There are two conventions I've found in Coq's SSReflect extension that seem particularly useful but which I haven't seen widely adopted in newer dependently-typed languages (Lean, Agda, Idris).
Firstly, where possible predicates are expressed as boolean-returning functions rather than inductively defined datatypes. This brings decidability by default, opens up more opportunities for proof by computation, and improves checking performance by avoiding the need for the proof engine to carry around large proof terms. The main disadvantage I see is the need to use reflection lemmas to manipulate these boolean predicates when proving.
Secondly, datatypes with invariants are defined as dependent records containing a simple datatype plus a proof of the invariant. For instance, fixed length sequences are defined in SSReflect like:
Structure tuple_of : Type := Tuple {tval :> seq T; _ : size tval == n}.
A seq
and a proof of that sequence's length being a certain value. This is opposed to how e.g. Idris defines this type:
data Vect : (len : Nat) -> (elem : Type) -> Type
A dependently typed datastructure in which the invariant is part of its type. One advantage of SSReflect's approach is that it allows reuse, so that for instance many of the functions defined for seq
and proofs about them can still be used with tuple
(by operating on the underlying seq
), whereas with Idris' approach functions like reverse
, append
and the like need to be rewritten for Vect
. Lean actually has a SSReflect style equivalent in its standard library, vector
, but it also has an Idris-style array
which seems to have an optimised implementation in the runtime.
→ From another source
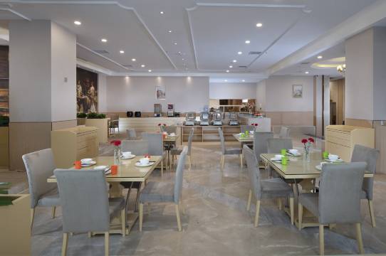 酒店大堂高端大气,空间大,配套齐全,有本地特色的海鲜酒楼,前台小哥服务特别热情❤,主动提供问询服务,酒店大堂有贴本地旅游攻略,特别方便,房间维也纳装修风格,智能化,方便快捷,[强]早餐也很好,有本地特色牛腩面,炖盅[庆祝]

One SSReflect-oriented book even claims the Vect n A
style approach is an antipattern:
A common anti-pattern in dependently-typed languages and Coq in particular is to encode such algebraic properties into the definitions of the datatypes and functions themselves (a canonical example of such approach are length-indexed lists). While this approach looks appealing, as it demonstrates the power of dependent types to capture certain properties of datatypes and functions on them, it is inherently non-scalable, as there will be always another property of interest, which has not been foreseen by a designer of the datatype/function, so it will have to be encoded as an external fact anyway. This is why we advocate the approach, in which datatypes and functions are defined as close to the way they would be defined by a programmer as possible, and all necessary properties of them are proved separately.
My question is hence, why haven't these approaches been more widely adopted. Are there disadvantages I'm missing, or maybe their advantages are less significant in languages with better support for dependent pattern matching than Coq?